#### Exercise:
In the answer, transcribe exactly the lines from the beginning of the material through the line holding "Join us for", and skip every picture.

#### Task input:
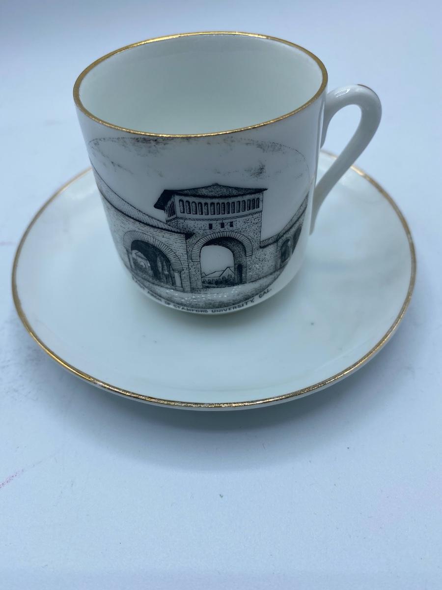 Detailed depiction of the East Arch at Stanfor University, German made as shown on bottom of cup. Perfect collectible for the Stanford lover or collector or just for espresso in the afternoon. Cup 2 1/4" height, mouth is 2" Saucer 4 1/2" diameter. Perfect condition.
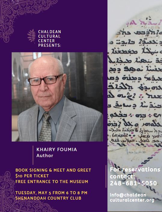 Join us for a book signing and meet and great with Subdeacon Khairy Foumia, author and Chaldean Diocese Liturgical translator of ancient manuscripts. Presented by the Chaldean Cultural Center.
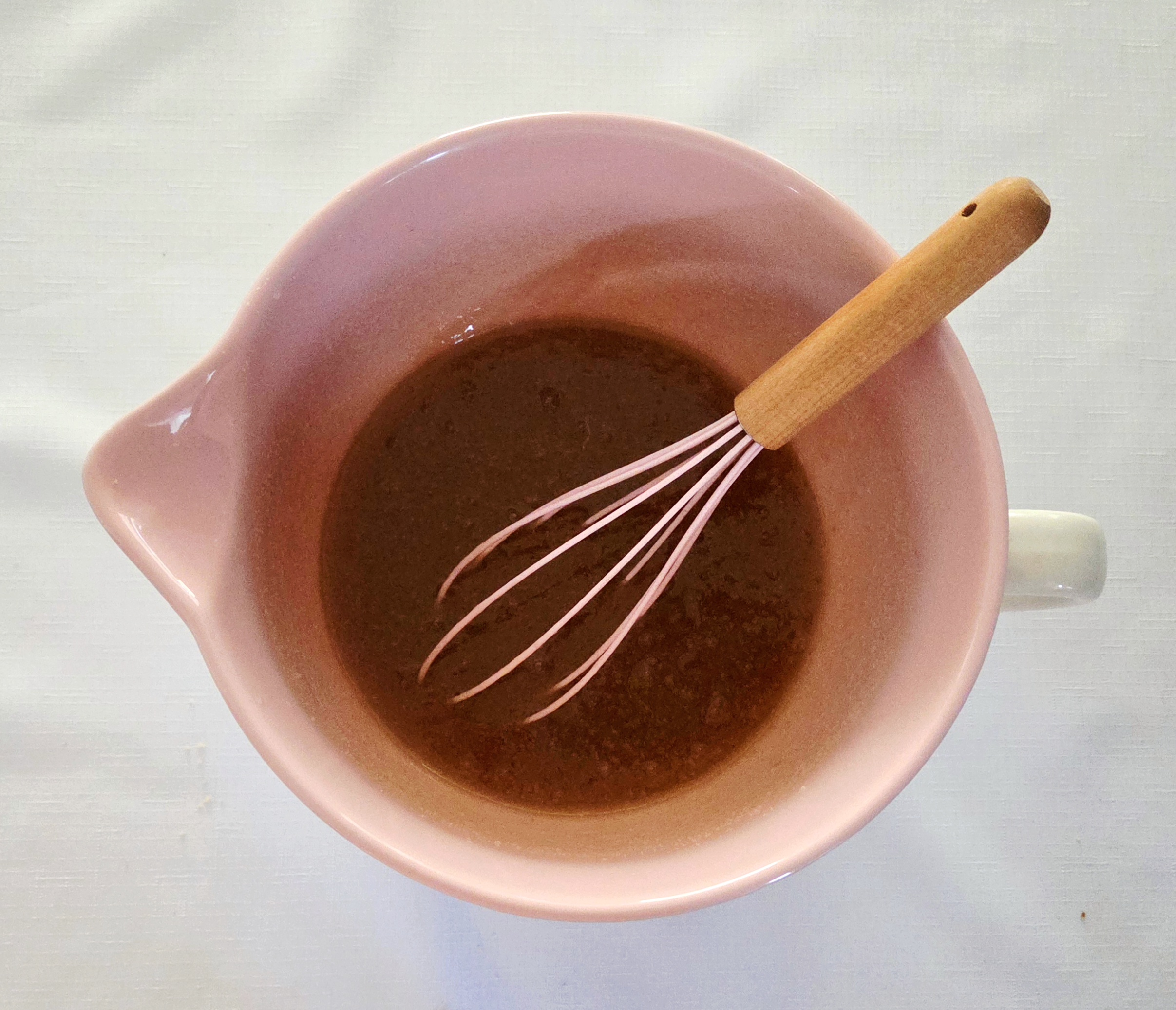 2. In a large microwave safe mixing bowl, heat the butter until it’s just melted but not hot. Whisk in the granulated sugar, brown sugar, corn syrup, salt, vanilla, and eggs.
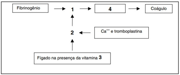 A protrombina transforma-se em trombina (1), que age sobre o fibrinogênio, originando a fibrina (4).
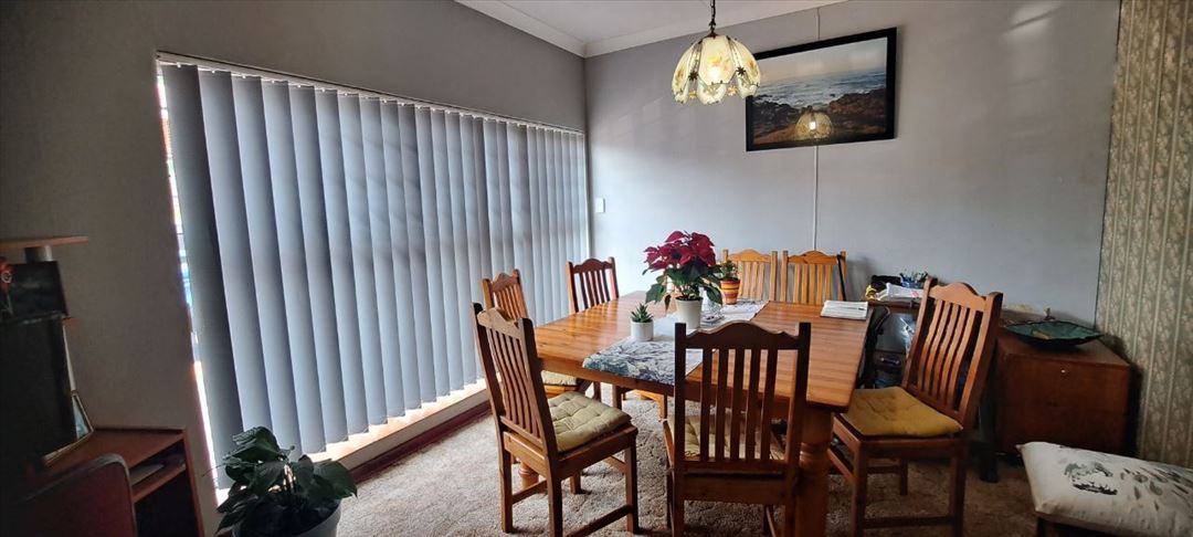 The main residence offers a practical and well-proportioned layout, including a lounge with wooden flooring and sliding doors, a dining area, and a renovated kitchen with breakfast counter, scullery, and laundry. Accommodation comprises three bedrooms, a standard bathroom, and an additional shower facility.
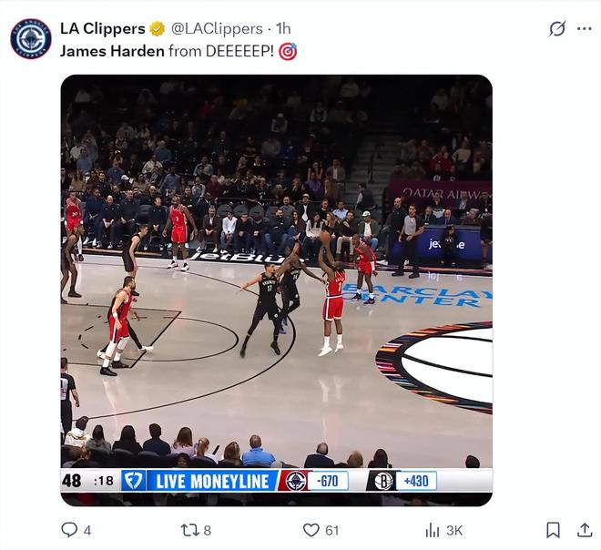 全場比賽哈登34分鐘,13中10,三分4中3,罰球8中8,拿到31分6助攻4籃板1搶斷2蓋帽,命中率76.9%,三分命中率75%,真實命中率93.8%,正負(fù)值+9。
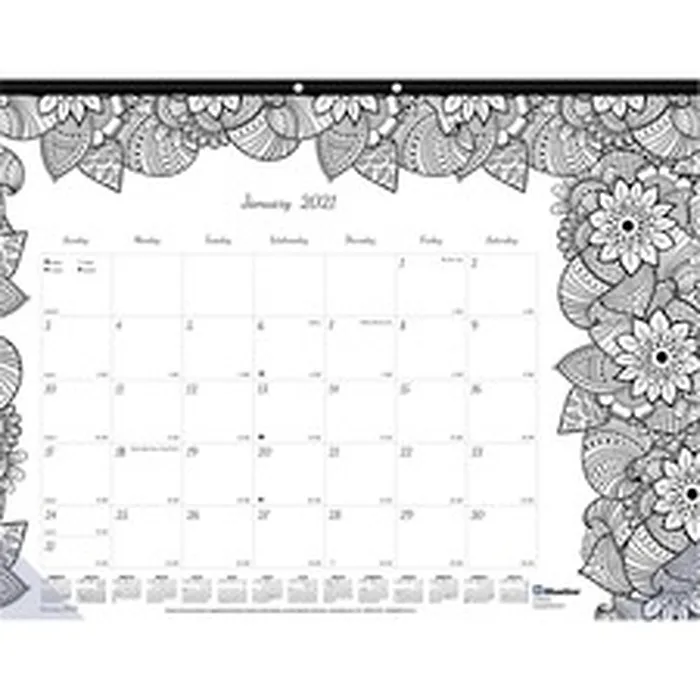 Monthly desk pad features a different Botanica design for each month so you can doodle on it while at your desk. Planning pages range 12 months from January to December and are bound at the top. Each tears off easily. One-page-per-month format features daily blocks, a notes section and full-year calendar reference on the bottom of each sheet. Desk pad has a reinforced chipboard backer, two eyelets for hanging and corners to secure the bottom edges.
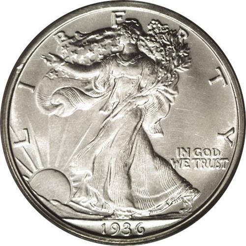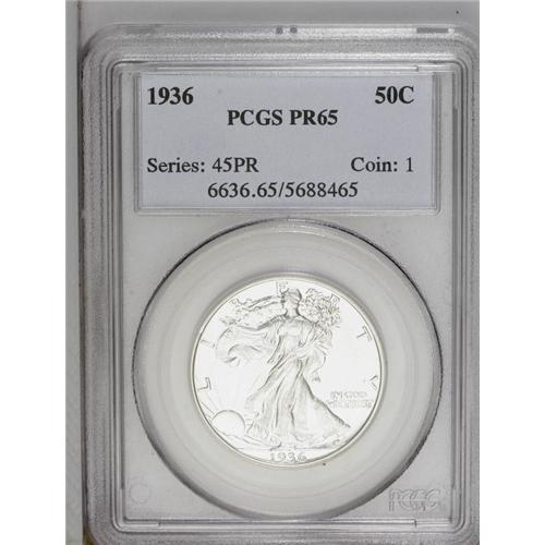 <B>1936<50C> PR65 PCGS.</B></I> Splendid striking details define the elegant design motifs. Essentially untoned, the silver-gray surfaces are nearly pristine, except for a small contact mark on Liberty's left (facing) wrist. Only 3,901 proof halves were struck in 1936, the first year of official proof production for the Walking Liberty type.
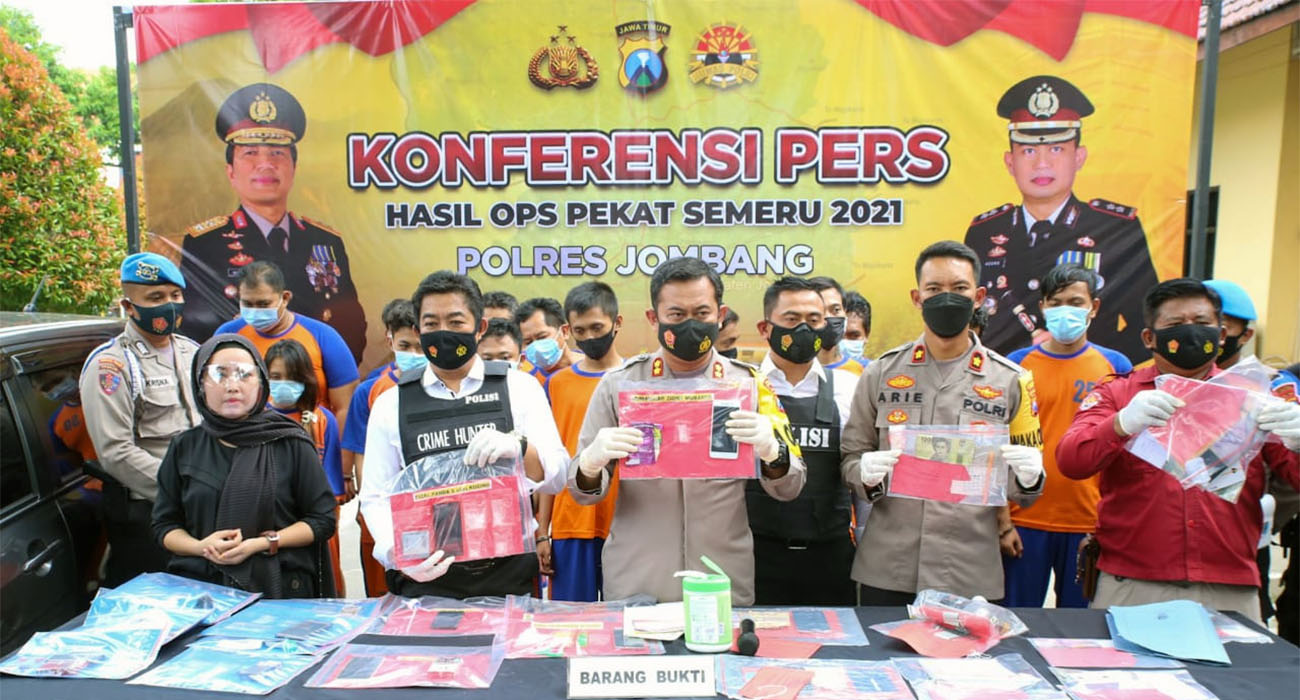 “Dari 159 kasus hasil operasi Pekat, yang berhasil diungkap antara lain 75 kasus premanisme dengan 88 orang tersangka; Judi ada 11 kasus dengan 19 orang tersangka, prostitusi ada 2 kasus dengan 2 tersangka, miras ada 44 kasus dengan 46 tersangka, narkoba ada 26 kasus dengan 29 orang tersangka, street crime ada 1 kasus dengan 3 orang tersangka,” Kata Kapolres Jombang, AKBP Agung, saat menggelar kegiatan konferensi pers di Mapolres Jombang, terkait hasil operasi Semeru 2021. Selasa (06/04/2021).
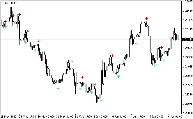 第一个指标是LWMA交叉信号。它在图表上绘制了两个点,表明快速和慢速LW移动平均线的交叉。向下的红色箭头表示下跌趋势,而向上的春绿色箭头则表示上涨趋势。这些都是我用于判断短期或长期交易的信号。
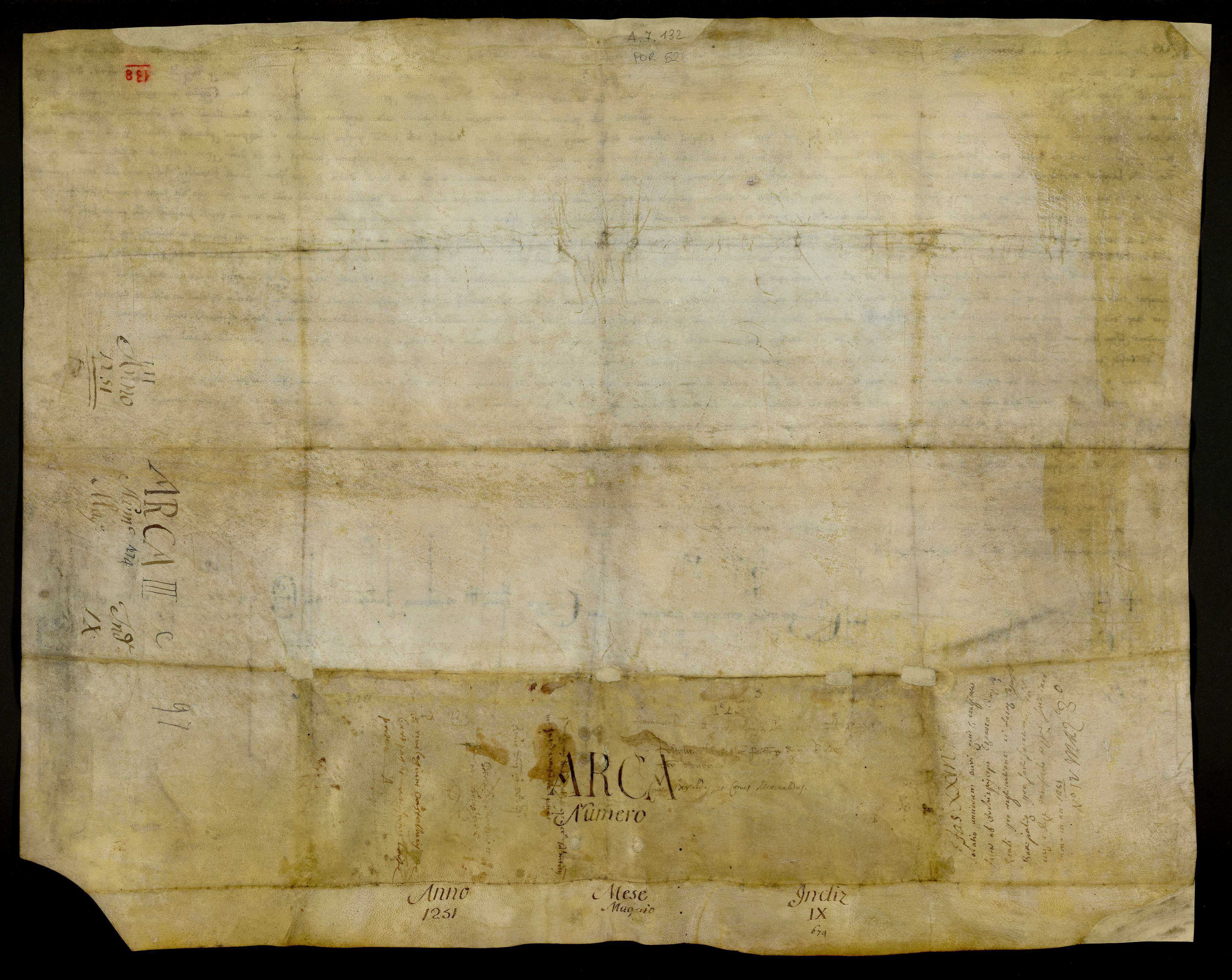 Lettere di Bertoldo Marchese di Hohemburg, Capitano in Salerno, con le quali, in esecuzione del testamento dell' Imperatore Federico, e ad istanza dell'Arcivescovo Cesario, si ordina di restituire alla Chiesa Salernitana tutta la zona con annesso edificio, chiamata Battipaglia con il castello erettovi, detto Castelluccio, invasa, in tempo di ostilità, dal Conte Marcoaldo. Stefano, notaio
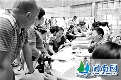 昨天上午9时不到,泉州七中现场咨询会门口,就有家长早早在那等候。
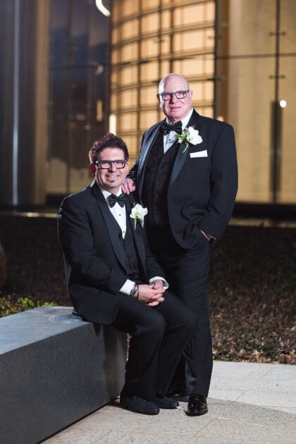 When October 2014 arrived along with the passage of marriage equality, DeWayne and Tony never thought the opportunity to be married would be available to them. Tony asked DeWayne twice to marry him – the first time, DeWayne didn’t say no but, “Not yet.” Celebrating their 11th anniversary of when they first met, Tony asked DeWayne again to marry him and he said, “Yes!” Together, they planned a unique celebration of their love and life together. The date was set for Monday, February 29, 2016 – another Leap Year! The rehearsal dinner was an evening of Old Hollywood Glam, a nod to the night they first met. The wedding turned the Colcord Hotel into an over-the-top tropical paradise. As DeWayne walked down the aisle to the tune of “Like I’m Gonna Lose You,” Tony’s blue eyes welled with tears and DeWayne’s smile still melted Tony’s heart.
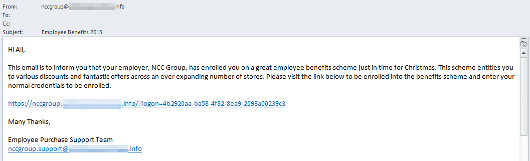 This time of year everyone wants to save some money, so NCC Group created a fake employee benefits website in order to entice victims. The phishing email sent out to the users requested that they enter their normal credentials in return for some Christmas discounts.
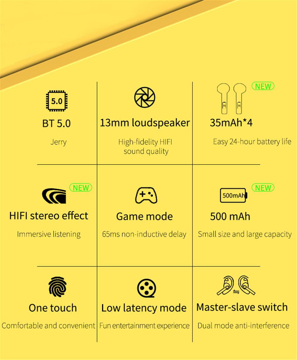 - Bluetooth 5.0, tiêu thụ điện năng thấp Lưu ý: Khi mua tai nghe bluetooth tws quý khách vui lòng đọc hướng dẫn sau: Do vận chuyển lâu ngày nên nguồn điện của tai nghe tws sẽ cạn kiệt, sau khi nhận gói hàng quý khách sẽ không sử dụng được tai nghe, có thể đóng lại. điều đầu tiên cần làm là sạc hộp tai nghe trong 30 phút. Rất quan trọng. Cảm ơn! Bảng kê hàng hóa: 1 Tai nghe Bluetooth (l) 1 Tai nghe Bluetooth (r) 1 hộp sạc 1 Cáp dữ liệu 1 * Hướng dẫn sử dụng
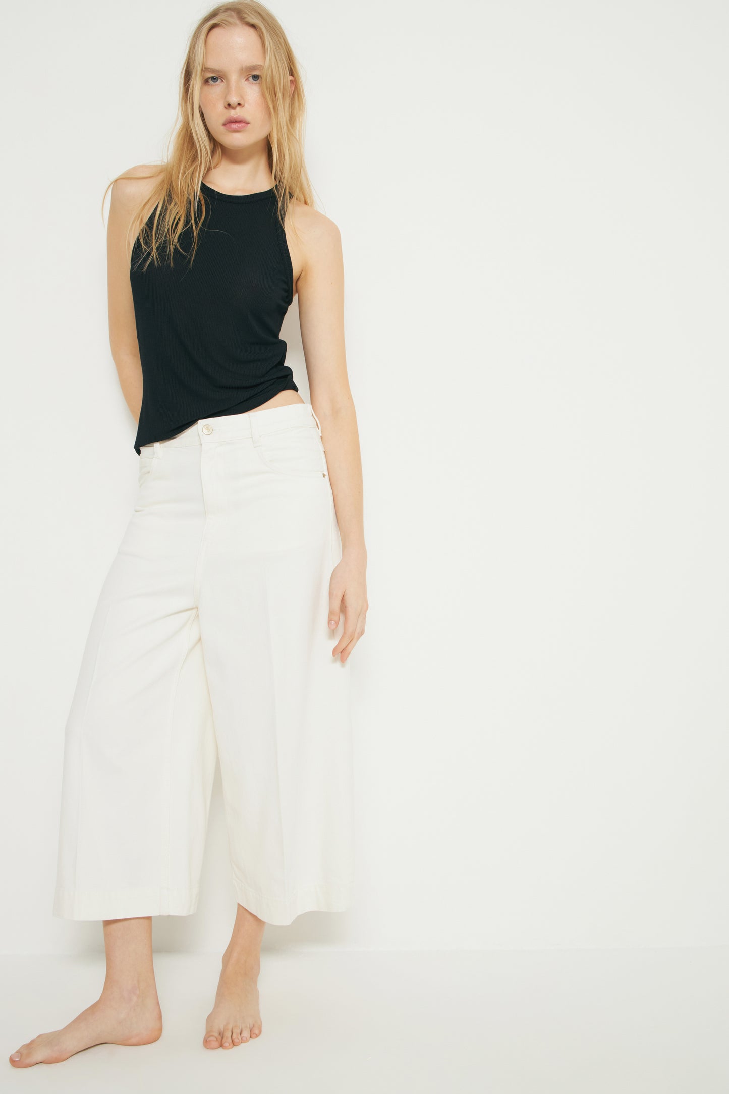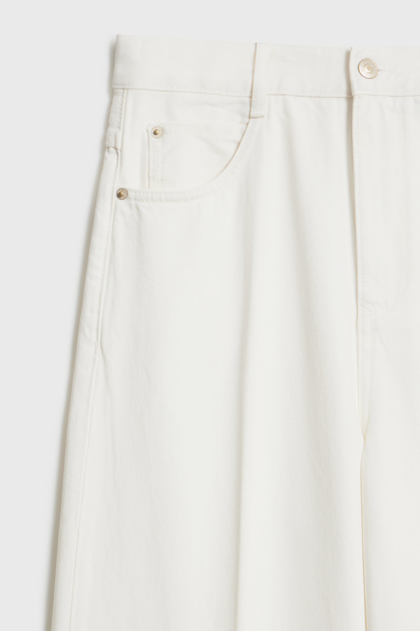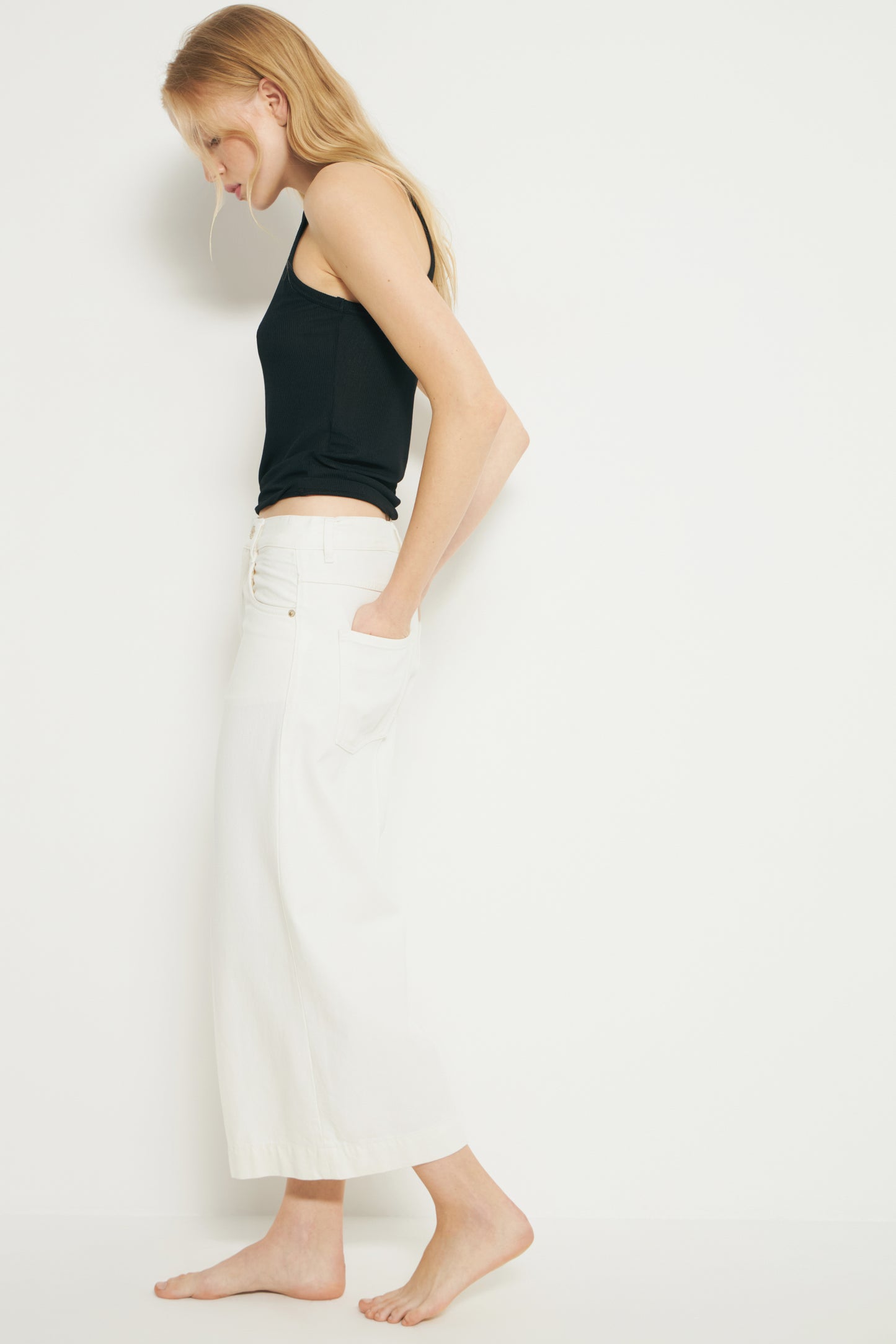 Bermuda shorts in soft denim made from a lyocell and cotton blend have a knee-length cut. Crease details down the front and back. Styled with a five-pocket design. Front zip fly and metal button fastening.

#### Answer space:
 Detailed depiction of the East Arch at Stanfor University, German made as shown on bottom of cup. Perfect collectible for the Stanford lover or collector or just for espresso in the afternoon. Cup 2 1/4" height, mouth is 2" Saucer 4 1/2" diameter. Perfect condition.
 Join us for a book signing and meet and great with Subdeacon Khairy Foumia, author and Chaldean Diocese Liturgical translator of ancient manuscripts. Presented by the Chaldean Cultural Center.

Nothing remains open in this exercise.